(Image: Zennie/Private Media)

Only in Australia. As our major gas companies and some of the world’s biggest fossil fuel multinationals make tens of billions in profits from selling Australia’s hydrocarbons, the actual return to taxpayers is set to fall in coming years, the budget papers show.

In the Morrison government’s last budget back in April, taxpayers were finally going to see some return from the Petroleum Resource Rent Tax (PRRT) scheme, which has generated pitiful amounts of revenue in recent years courtesy of gas companies running up huge capital expenses and artificially inflating them.

Between 2022 and 2026 taxpayers would have seen $9.6 billion in PRRT revenue, according to the estimates in the April budget. In Labor’s budget tonight, that revenue forecast has been downgraded to $9.15 billion, despite a small forecast increase this year and next due to the surge in global gas prices. That surge has left local gas-based manufacturers struggling in Australia and delivered windfall profits for gas exporters.

According to the government, revenue is expected to fall “as production in maturing fields (including in the Bass Strait) declines and the prices of oil and gas stabilise. PRRT liabilities will be further weighed down by the cost of decommissioning parts of the Bass Strait fields, following a direction from the National Offshore Petroleum Safety and Environmental Management Authority to commence decommissioning works in coming years.” Oil producers will be able to claim the cost of cleaning up after themselves against their PRRT liabilities.

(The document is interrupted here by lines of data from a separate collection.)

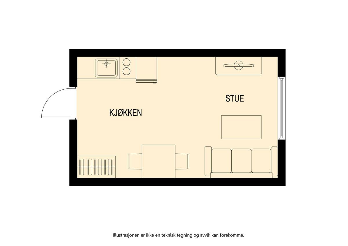 Oppholdsrom med kjøkken
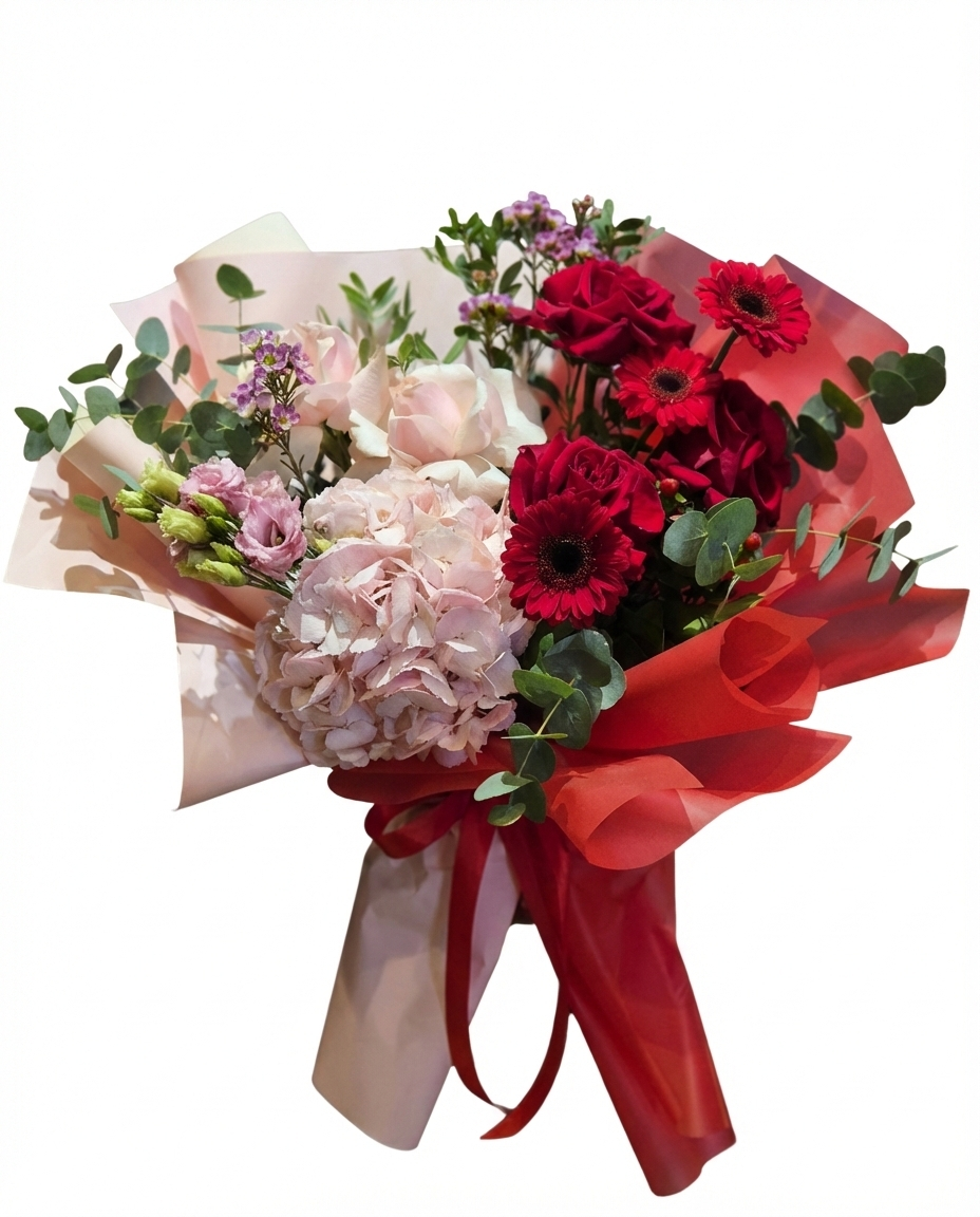Un buchet spectaculos în nuanțe de roz și roșu creat din 1 hortensia roz, 3 trandafiri roșii și 2 trandafiri roz flexați manual, 3 gerbera, 2 eustoma roz, wax flower, pistacia și eucalipt.
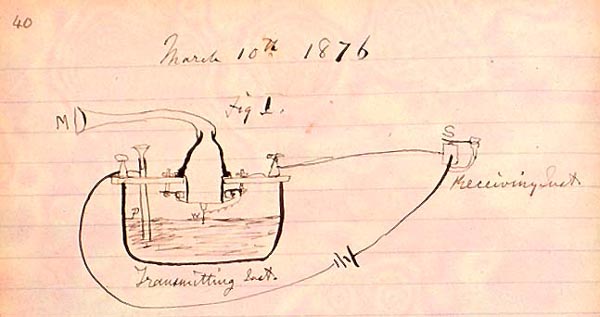 De schets die Bell maakte van zijn eerste telefoon. Links het mondstuk, rechts de ontvanger.
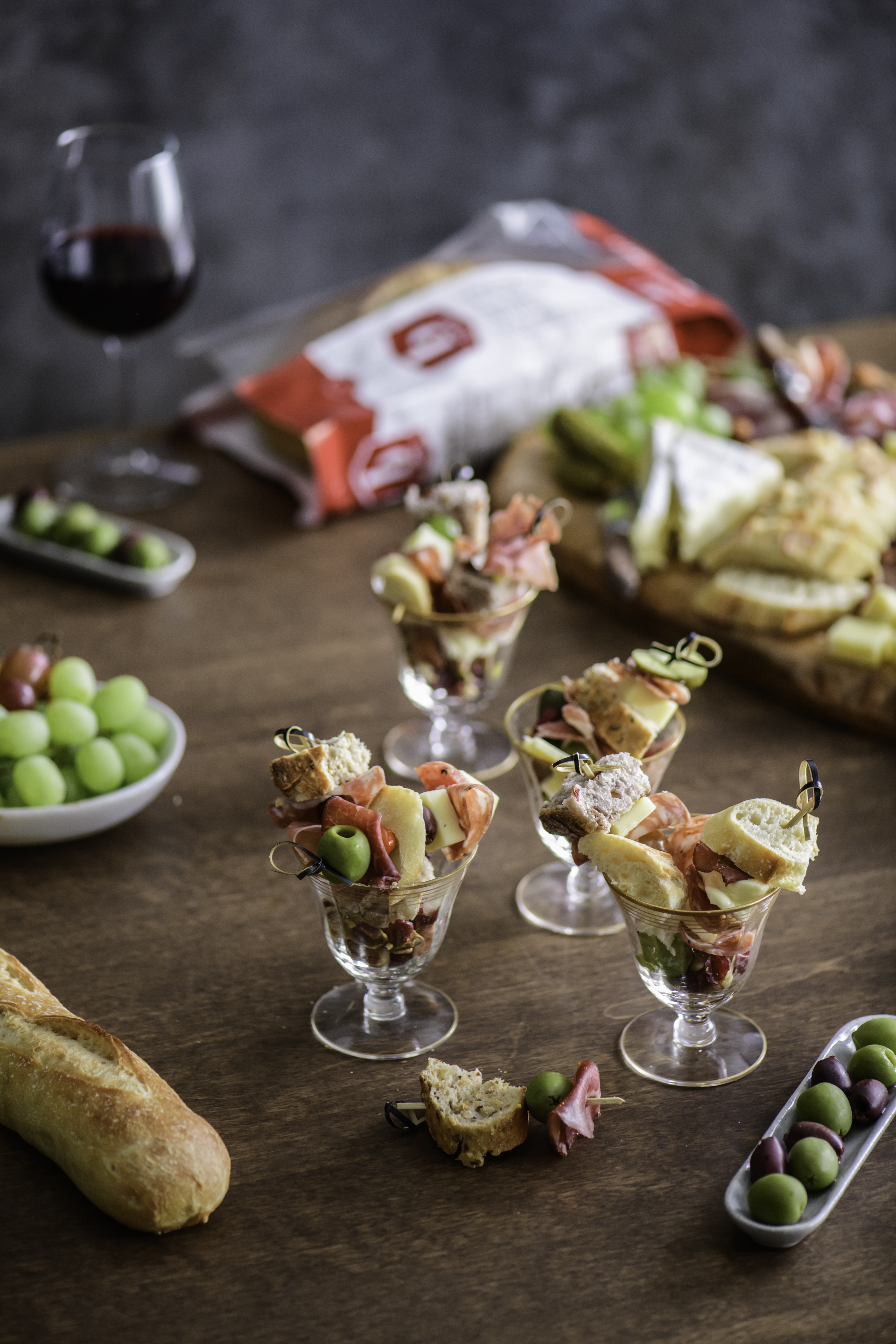 Charcuterie cups are a fresh take on traditional grazing boards. Perfect for open houses, office gatherings, or any event where guests are mingling, these individual servings combine cheeses, meats, fruits, olives, and bite-size pieces of La Brea Bakery bread in a portable and photogenic format.

The downgrade in PRRT revenue reflects just how utterly unfit the scheme is to handle gas exports. Labor — like the Coalition, a recipient of generous donations from major gas exporters like Santos and Woodside — refuses to do anything to fix it.

Remarkably, the amount of revenue forecast for 2025-26, $2 billion, is 40% lower than the amount of PRRT revenue the Howard government earned in 2002-03 adjusted for inflation. In real terms, fossil fuel exporters are paying less PRRT than before the massive expansion of the Australian gas industry over the past 15 years.